Tandis que le monde entier s'efforce de faire face à la Covid-19, deux pays voisins les plus peuplés du continent africain (110 millions d'habitants chacun) se trouvaient au seuil d'une guerre il y a quelques jours. Et seulement une intervention d'urgence du président sud-africain Cyril Ramaphosa et de la direction de l'Union africaine a permis de faire assoir les belligérants à la table des négociations. Mais cela n'a encore apporté aucun résultat positif.
Rappel des faits. En 2011, l'Ethiopie a lancé en amont du Nil bleu la construction du plus grand barrage en Afrique, dont le projet a été élaboré par des spécialistes d'Angleterre, de France, d'Allemagne et d'Afrique du Sud. Pendant toutes ces années l'Egypte critique cette construction en menaçant, si son avis n'était pas pris en compte, de recourir à la force pour empêcher la construction du barrage.
Pendant ce temps, l'Egypte, le Soudan et l'Ethiopie ont signé une déclaration conjointe des pays du bassin du Nil notamment sur l'exploitation juste de ses ressources d'eau (qui était comprise à sa propre manière par chaque pays). Etant donné que la tension avant tout entre Addis-Abeba et Le Caire se maintenait, il a été décidé il y a deux ans de réunir un groupe de chercheurs de 5 experts de chaque pays. Ainsi qu'une commission intergouvernementale sur le Nil avec un siège sur un territoire neutre – en Ouganda.
Cependant, pendant que les chercheurs et les ingénieurs hydro-énergétiques cherchaient à régler le problème, la grande politique s'en est mêlée une fois de plus. Mi-juin, l'Egypte s'est plaint de l'Ethiopie au Conseil de sécurité des Nations unies en considérant les actions unilatérales d'Addis-Abeba pour la construction du barrage de menace pour la paix et la sécurité de toute la région.
Sachant que l'Egypte insiste sur ses droits historiques sur les eaux du Nil de 1959, quand les Anglais quittant les lieux ont partagé les eaux du Nil entre l'Egypte et le Soudan, alors qu'absolument personne ne se préoccupait des intérêts de l'Ethiopie (même si territorialement 86% des eaux du Nil bleu appartiennent précisément à l'Ethiopie).
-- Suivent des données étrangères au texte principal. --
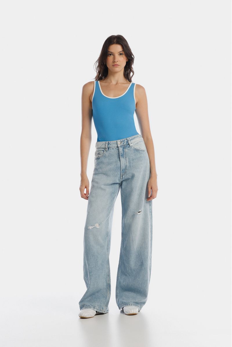 Jean Wide Leg Tiro Bajo Azul Medio Texto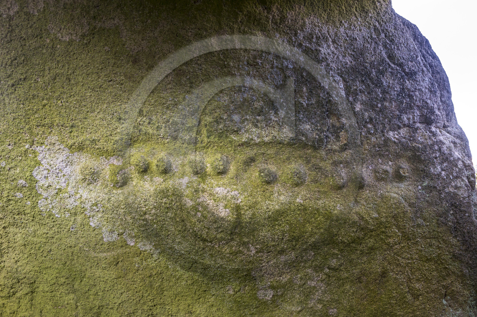 | Description | L'allée couverte de Kerguntuil à Trégastel. Il s'agit d'une sépulture, longue de neuf mètres, du Néolithique final (vers 2 500 ans av. J.-C.) à l'entrée latérale. Les 2e et 3e piliers nord sont sculptés : huit paires de bosses et un trait gravé bien en forme de « U ». Les archéologues pensent qu'il s'agit d'une représentation multiple de la grande déesse néolithique, la Déesse mère, nourricière des vivants et protectrice des morts, schématisée par des seins et son collier pectoral. |

Alors qu'aujourd'hui le barrage de la Renaissance, c'est son appellation dans les documents officiels, permettra non seulement d'alimenter le pays en électricité bon marché, mais également d'en exporter.
La construction en soi de ce barrage est au fond une question de survie pour l'Ethiopie parce que plus de la moitié de la population n'a pas accès à l'électricité.
L'Ethiopie a déjà dépensé pour la construction du barrage plus de 4 milliards de dollars de son budget national. Cependant, ce barrage qui fait la fierté du peuple éthiopien suscite une forte aversion du Caire. Ce dernier exige d'Addis-Abeba de partager "équitablement" les eaux du Nil en cherchant à régler le litige des eaux avec la participation internationale, tandis que l'Ethiopie propose de régler ces problèmes uniquement entre les trois pays voisins.
Entre temps, à l'époque de Gamal Abdel Nasser, l'URSS a construit pour l'Egypte sur le Nil le barrage d'Assouan géant, et ce sans consulter l'Ethiopie ou le Soudan. A présent, l'Ethiopie perd plus de 1 milliard d'euros par an parce que le barrage ne fonctionne toujours pas à pleine puissance. Et dès que récemment l'Ethiopie a rempli les réservoirs du barrage, l'Egypte l'a considéré comme une menace pour sa sécurité nationale car pratiquement toute la population de ce pays vit au bord du Nil commun où affluent les eaux du Nil bleu et du Nil blanc près de la capitale soudanaise Khartoum. Et si l'agriculture de l'Egypte ne recevait pas une quantité d'eau suffisante du Nil Bleu, le pays pourrait être confronté à la famine.
Quelle sera la suite? Les deux pays ont promis de poursuivre les négociations sur le statut des ressources du Nil. Le fonctionnement normal du barrage est une question de vie ou de mort pour l'Ethiopie. Alors que pour l'Egypte c'est une question de principe selon lequel Le Caire pense avoir le droit légitime de disposer des eaux du fleuve, et il refuse absolument que l'Ethiopie dispose des ressources du Nil par le biais du barrage.